Finally, the finding of an increased number of platelets in ASD and ID subjects compared to TDSs could also be significant. Specifically, platelets are actively involved in the regulation and maintenance of inflammation, both through direct action on the vascular endothelium and via the secretion of cytokines and chemokines contained within their granules [22]. Therefore, increased levels in ASD and ID subjects could signal heightened systemic inflammatory activity. Similarly, a close interplay between platelets and N is well known: platelets are in fact involved in activating neutrophils at inflammation sites, leading to the propagation and maintenance of systemic inflammation [23]. This aspect is of particular interest given the finding of increased PLT and increased N in ASD subjects compared to TDSs.

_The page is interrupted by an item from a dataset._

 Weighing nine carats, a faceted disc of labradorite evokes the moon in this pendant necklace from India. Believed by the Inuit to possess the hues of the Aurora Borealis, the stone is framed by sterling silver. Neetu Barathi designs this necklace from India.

Therefore, the rise in various cell lines involved in inflammation and immunity in ASD subjects might suggest complex immunoinflammatory mechanisms involved in the pathogenesis of this disorder. Regarding the criterion of excluding subjects with a history of infection in the two weeks preceding the blood tests, this was set to avoid any alterations in CBC [24].

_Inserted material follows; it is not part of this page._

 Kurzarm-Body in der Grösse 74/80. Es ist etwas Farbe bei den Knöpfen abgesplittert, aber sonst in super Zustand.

4.2. Hematological Inflammatory Indices

Regarding the hematological inflammatory indices, statistical significance was observed for the LMR index. Compared to TDSs, subjects in the TD group exhibited lower average values. Relative to TDSs, the other groups did not reach statistical significance. However, this parameter was found to be higher on average in ASD subjects compared to ADHD and TD subjects. Moreover, ID subjects presented higher values of this index compared to TD subjects. The finding concerning ASD subjects contradicts the existing literature: one clinical study reported that this value was in fact lower in ASD subjects compared to controls [19]. The LMR also showed an inverse correlation with the intensity of autistic symptoms. At present, there are no studies evaluating this index in ADHD or ID. However, regarding ADHD, some studies have observed that its inverse (monocyte-to-lymphocyte ratio) is increased in this disorder. Therefore, our results might also be discordant with the literature concerning what has been observed for ADHD [8]. While these indices are being investigated for their potential contribution as diagnostic or follow-up biomarkers for certain NDDs, current results remain inconsistent, and the methodologies of different studies are often not directly comparable [7,25].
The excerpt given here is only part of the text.